# Whitefield College/Seminary



## zachman (Mar 22, 2006)

Hey everyone,

I'm new around here (first real post, actually), and I was wondering if there are any Whitefield College/Seminary students or graduates here. I'm currently wrapping up first year with the college, and I've enjoyed it so far. 

Anyway, nice to meet y'all!


----------



## C. Matthew McMahon (Mar 22, 2006)

Zach,

Yes, I've studied at Whitefield for two degrees. I've loved every minute of it and am thinking about a third in Counseling. Its been a great blessing.


----------



## Ivan (Mar 22, 2006)

> I am not going there, but have seriously considered the Distance Ed. through both the college and the Seminary.

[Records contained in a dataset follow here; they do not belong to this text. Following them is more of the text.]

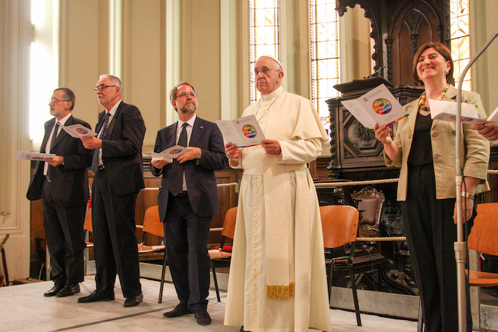 Foto di Pietro Romeo, il papa nel tempio valdese di Torino, giugno 2015
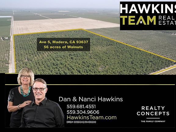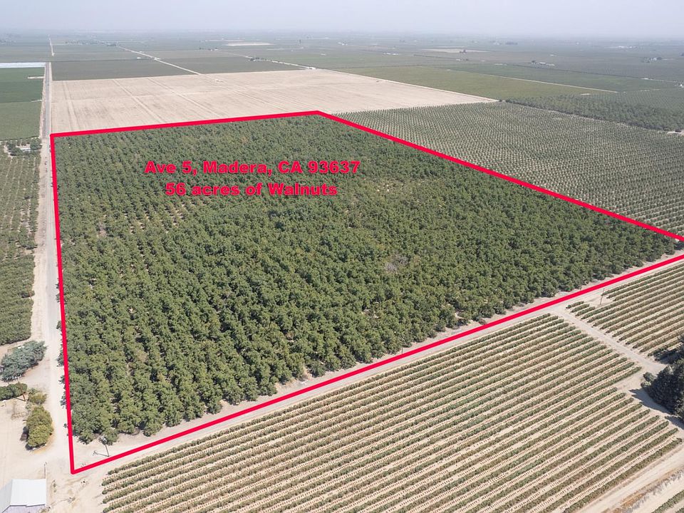 Prime opportunity to acquire a productive walnut ranch in Madera County. This 56-acre property is planted with mature Howard variety walnuts, trees are 25 years in age and well cared for. Located within the desirable Madera Irrigation District, the ranch benefits from both efficient micro-sprinkler irrigation and underground concrete for flood irrigation .Established production make this a turnkey investment for growers or ag investors. Conveniently situated at Avenue 5 and Road 24, this ranch offers long-term income potential in one of California's most productive farming regions.
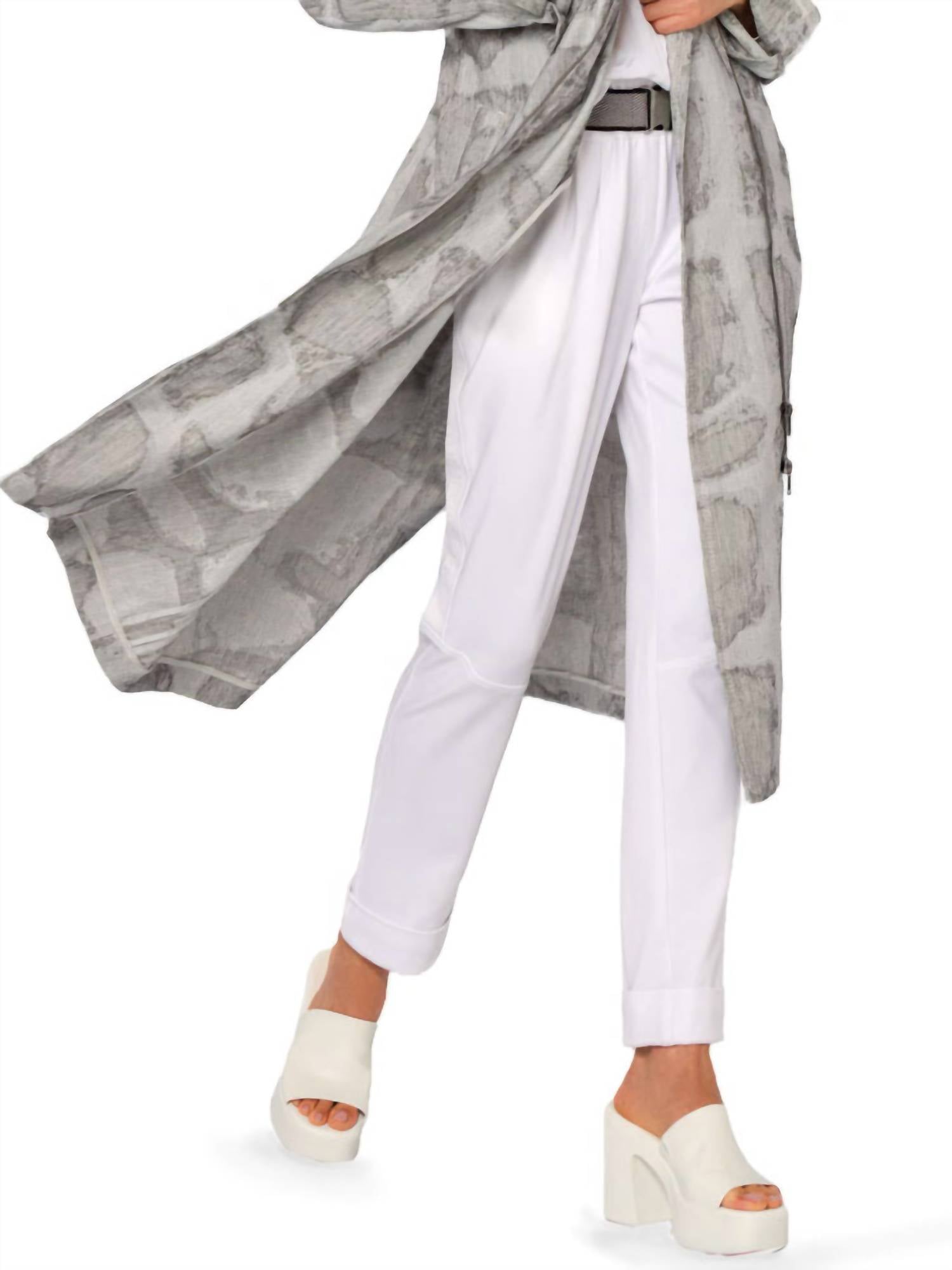 Combine-os com seus tênis favoritos para um visual descolado e descontraído. A calça jogger casual BLAIR branca é uma peça de caimento impecável, com prega frontal, da Beate Heymann. Adoramos a costura frontal e os detalhes em fita para um corte slim. Inclua esta peça no seu uniforme do dia a dia para um visual elegante e casual ao mesmo tempo! Cinto incluso.
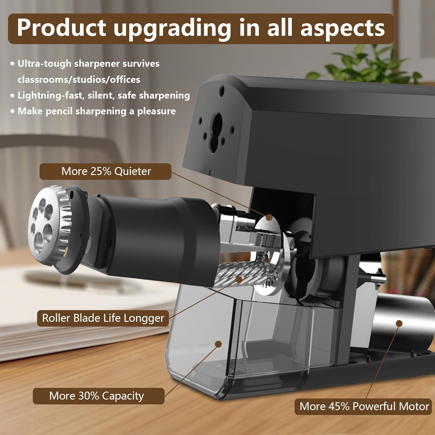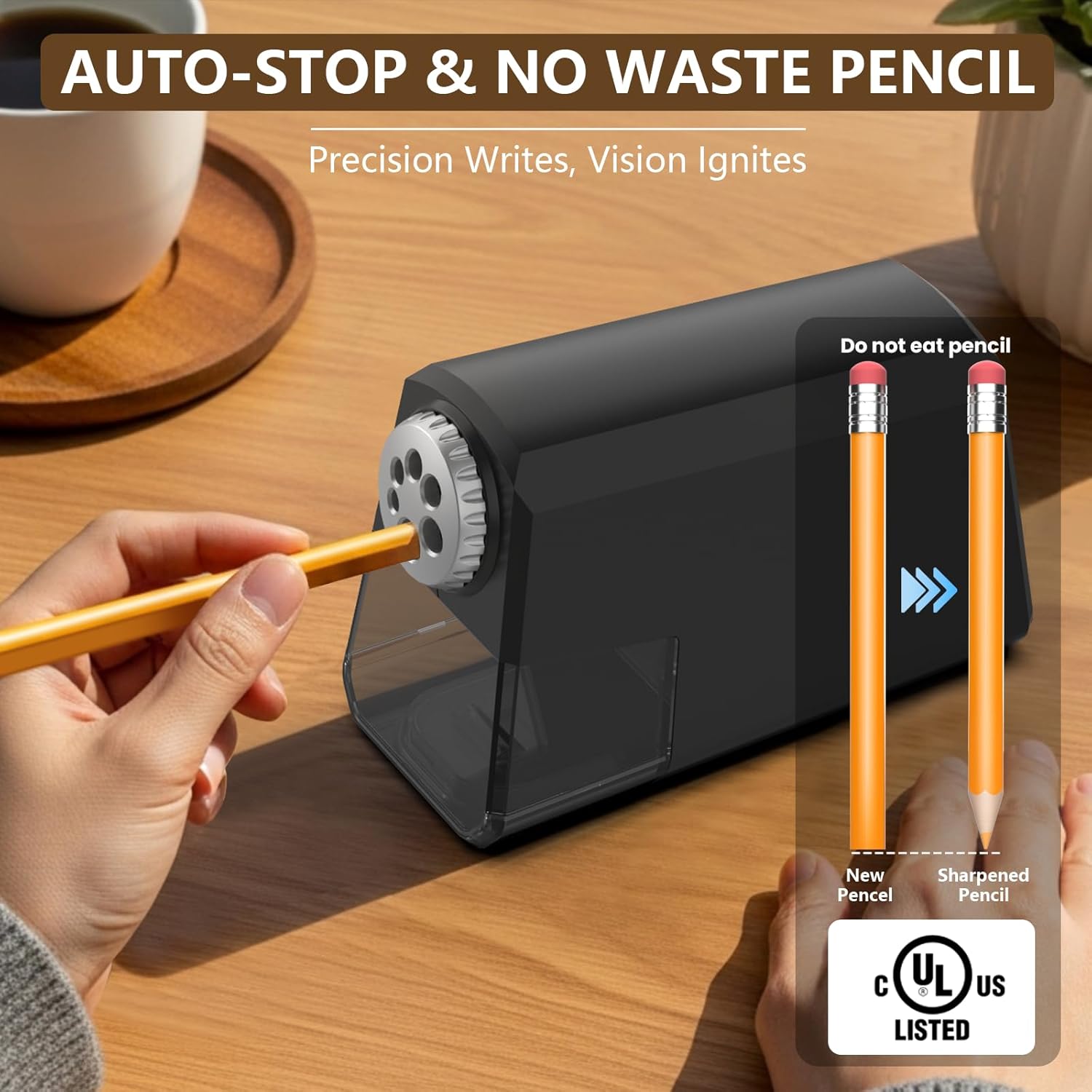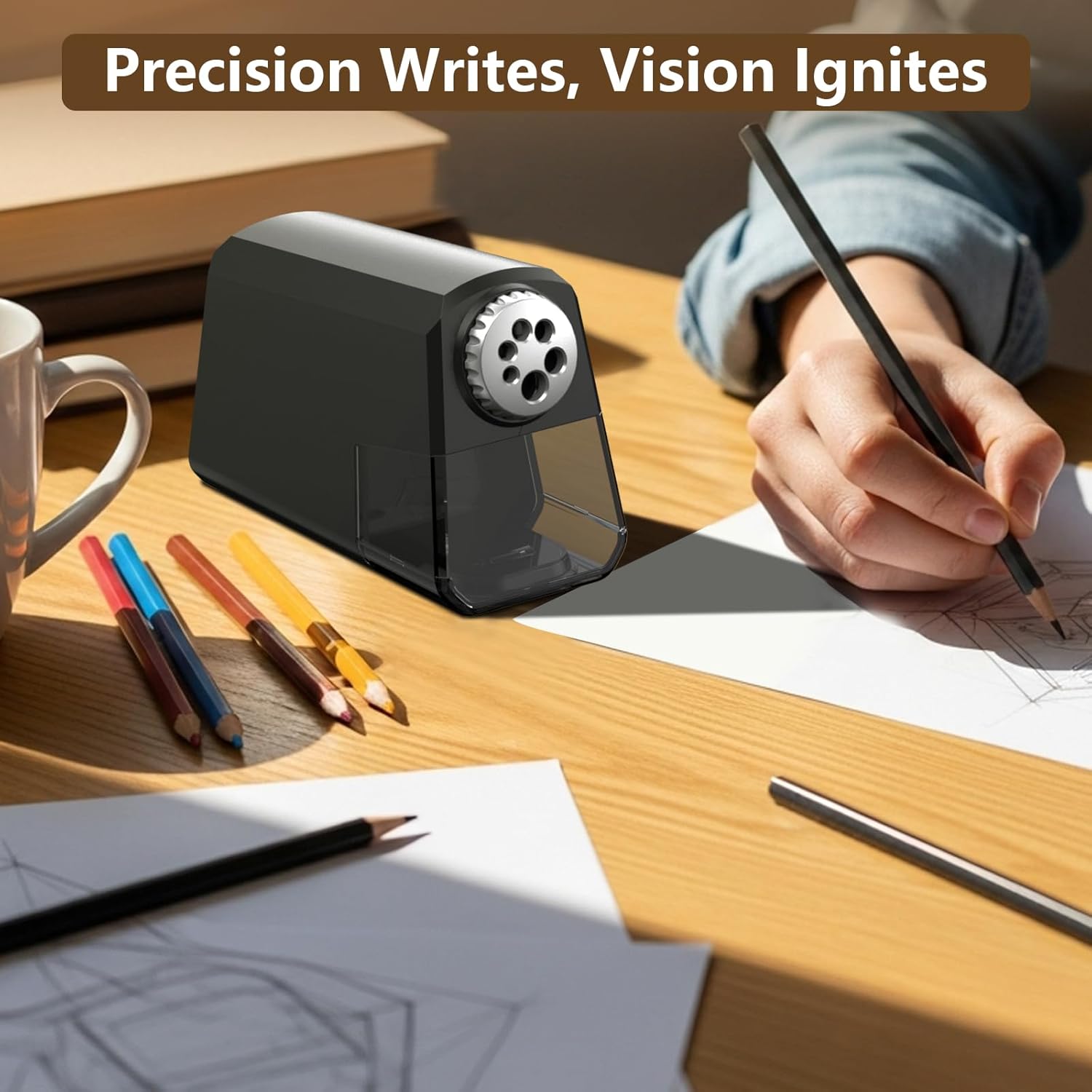 Heavy Duty Electric Pencil Sharpener – 6-Hole Design, Auto Start/Stop, Large Shavings Bin, Safe & Fast 4s Sharpening, Durable Zinc Alloy Blade – Great for School & Office Use

Me too. I've got a lot to consider, such as my age, the expense, etc., but as far as the seminary is concerned I think they're great. I was in communication for some time before I decided not to start a degree, but they were very helpful.


----------



## zachman (Mar 23, 2006)

Awesome! I'm glad to here that there are folks here who have ties to WC. Out of curiosity, C. Matthew, what degrees have you already attained from Whitefield?


----------



## C. Matthew McMahon (Mar 23, 2006)

Doctrate of Religion in Theological Studies (Theology)
Ph.D. in Christian Intellectual Thought (Philosophy)


----------



## johnrsorrell (Mar 25, 2006)

I have a quick question. Is it true that one cannot pursue a Doctorate from Whitefield without receiving a Master's from there first?


----------



## youthevang (Mar 25, 2006)

I am also a student at Whitefield Seminary. I am enjoying it and I am learning a lot.


----------



## Preach (Mar 27, 2006)

You don't need to have any previous enrollment at Whitefield to pursue the doctaoral programs. I'm in the Ph.D. program.


----------



## johnrsorrell (Mar 27, 2006)

I asked that question because on their website, under the Th.D. info it states:
_No students will be transferred into the Th.D. program who have not taken all of their seminary studies with WTS._


----------



## Preach (Mar 27, 2006)

John,
Just contact them and tell them your situation and see what they say.


----------